» **Supplied material**
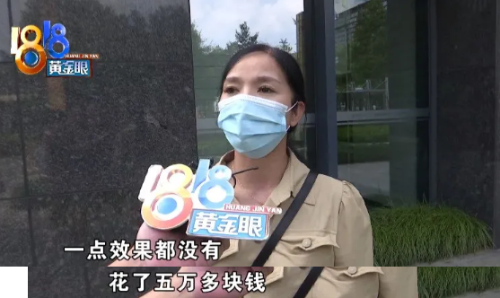 施女士:“他们没给我做好,他们当时说我脸下垂,要求我做尤美提跟玻尿酸,就导致到现在,一点效果都没有(花了多少钱)花了五万多块钱。”
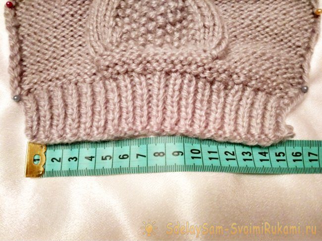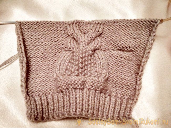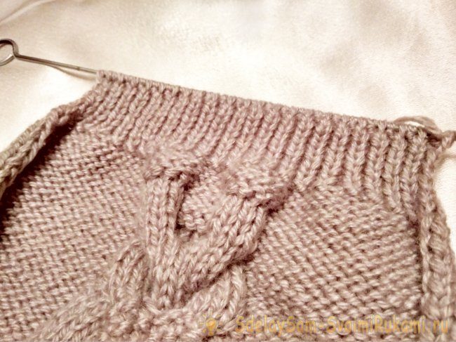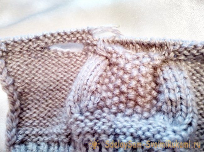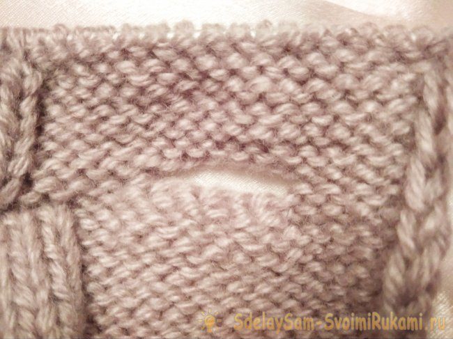 Для узора выделить 18 п. в середине имеющихся петель. Крайние петли продолжать вязать изнаночной гладью.
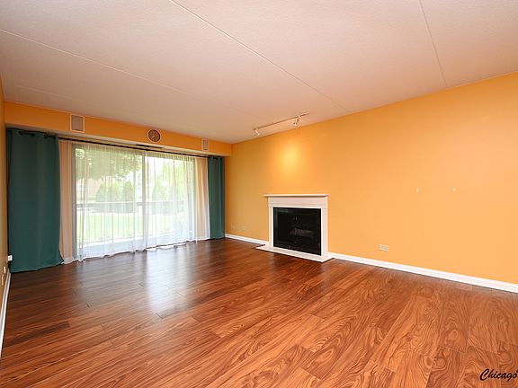Welcome to this beautifully maintained 2-bedroom, 2-bathroom first-floor end unit condo located next to White Pines Golf Course! This bright and spacious home features a large living room with a cozy gas fireplace and sliding doors that open to a 20-foot private balcony - perfect for relaxing or entertaining. The eat-in kitchen also offers balcony access, making it an ideal space for morning coffee or evening gatherings. The primary suite boasts a walk-in closet and a full private bath. Enjoy the warmth of laminate flooring throughout, central A/C, and a new water heater (2024) with a newer A/C unit (2020). Additional perks include two assigned parking spaces, guest parking near the golf course gate, and laundry plus storage on the same floor. Conveniently located near shopping, dining, and the Metra train. Water, gas, and exterior maintenance are included in the assessment. A perfect blend of comfort and convenience - schedule your showing today! Multiple offers received. Highest and best due by Monday (07/21/25) at 12PM

» **Requirement**
Everything but the pictures is needed: copy the data above exactly.

» **Written reply**
 施女士:“他们没给我做好,他们当时说我脸下垂,要求我做尤美提跟玻尿酸,就导致到现在,一点效果都没有(花了多少钱)花了五万多块钱。”
 Для узора выделить 18 п. в середине имеющихся петель. Крайние петли продолжать вязать изнаночной гладью.
Welcome to this beautifully maintained 2-bedroom, 2-bathroom first-floor end unit condo located next to White Pines Golf Course! This bright and spacious home features a large living room with a cozy gas fireplace and sliding doors that open to a 20-foot private balcony - perfect for relaxing or entertaining. The eat-in kitchen also offers balcony access, making it an ideal space for morning coffee or evening gatherings. The primary suite boasts a walk-in closet and a full private bath. Enjoy the warmth of laminate flooring throughout, central A/C, and a new water heater (2024) with a newer A/C unit (2020). Additional perks include two assigned parking spaces, guest parking near the golf course gate, and laundry plus storage on the same floor. Conveniently located near shopping, dining, and the Metra train. Water, gas, and exterior maintenance are included in the assessment. A perfect blend of comfort and convenience - schedule your showing today! Multiple offers received. Highest and best due by Monday (07/21/25) at 12PM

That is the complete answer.